Transcribe only the part of the material below that begins at the line containing "2009年10月19日下午2" and ends at the line containing "我曾谈论过其他人和我是怎么努力让松鼠回到黑框牌的,而 Aaron 更是让松鼠成为了在黑框系列里面了轮抽原型。", with both kept and images left out.

Records supplied ->
# # # #

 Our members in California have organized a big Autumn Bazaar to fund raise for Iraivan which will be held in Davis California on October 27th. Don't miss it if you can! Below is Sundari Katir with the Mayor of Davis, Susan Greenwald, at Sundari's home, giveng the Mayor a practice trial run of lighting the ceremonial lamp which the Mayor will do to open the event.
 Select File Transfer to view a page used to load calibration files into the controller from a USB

# # # #

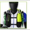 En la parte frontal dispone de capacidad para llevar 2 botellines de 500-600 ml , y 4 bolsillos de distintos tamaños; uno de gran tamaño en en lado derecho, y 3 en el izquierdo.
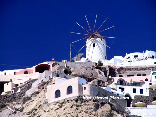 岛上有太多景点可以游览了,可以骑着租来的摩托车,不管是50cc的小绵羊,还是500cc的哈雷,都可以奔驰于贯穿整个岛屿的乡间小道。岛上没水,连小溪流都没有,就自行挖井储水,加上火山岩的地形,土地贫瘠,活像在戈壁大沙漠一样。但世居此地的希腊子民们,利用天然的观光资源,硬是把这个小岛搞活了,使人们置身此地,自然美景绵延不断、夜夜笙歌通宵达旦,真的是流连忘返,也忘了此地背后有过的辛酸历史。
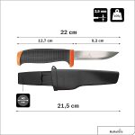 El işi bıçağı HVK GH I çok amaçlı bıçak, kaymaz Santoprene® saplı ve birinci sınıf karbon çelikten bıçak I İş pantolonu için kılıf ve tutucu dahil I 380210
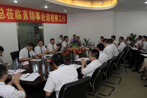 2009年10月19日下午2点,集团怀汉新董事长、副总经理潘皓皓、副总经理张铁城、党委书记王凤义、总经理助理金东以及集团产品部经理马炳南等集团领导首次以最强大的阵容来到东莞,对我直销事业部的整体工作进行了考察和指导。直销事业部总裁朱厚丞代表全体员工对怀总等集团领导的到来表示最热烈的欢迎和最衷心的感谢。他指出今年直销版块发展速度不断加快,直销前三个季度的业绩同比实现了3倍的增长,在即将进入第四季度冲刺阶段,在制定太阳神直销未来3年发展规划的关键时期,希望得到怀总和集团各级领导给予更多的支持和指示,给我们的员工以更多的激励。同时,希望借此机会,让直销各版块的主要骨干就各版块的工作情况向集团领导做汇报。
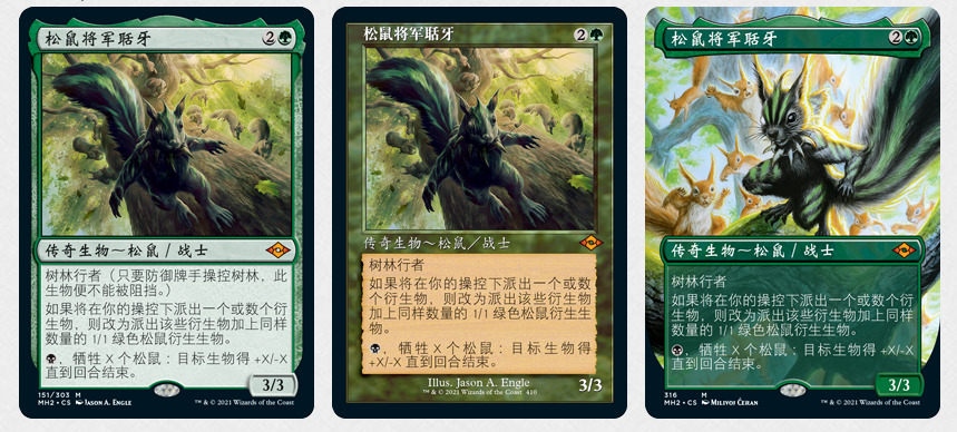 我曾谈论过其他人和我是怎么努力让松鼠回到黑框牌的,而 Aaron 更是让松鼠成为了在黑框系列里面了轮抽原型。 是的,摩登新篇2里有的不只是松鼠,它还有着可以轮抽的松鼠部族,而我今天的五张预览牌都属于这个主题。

# # # #

Answer ->
 2009年10月19日下午2点,集团怀汉新董事长、副总经理潘皓皓、副总经理张铁城、党委书记王凤义、总经理助理金东以及集团产品部经理马炳南等集团领导首次以最强大的阵容来到东莞,对我直销事业部的整体工作进行了考察和指导。直销事业部总裁朱厚丞代表全体员工对怀总等集团领导的到来表示最热烈的欢迎和最衷心的感谢。他指出今年直销版块发展速度不断加快,直销前三个季度的业绩同比实现了3倍的增长,在即将进入第四季度冲刺阶段,在制定太阳神直销未来3年发展规划的关键时期,希望得到怀总和集团各级领导给予更多的支持和指示,给我们的员工以更多的激励。同时,希望借此机会,让直销各版块的主要骨干就各版块的工作情况向集团领导做汇报。
 我曾谈论过其他人和我是怎么努力让松鼠回到黑框牌的,而 Aaron 更是让松鼠成为了在黑框系列里面了轮抽原型。 是的,摩登新篇2里有的不只是松鼠,它还有着可以轮抽的松鼠部族,而我今天的五张预览牌都属于这个主题。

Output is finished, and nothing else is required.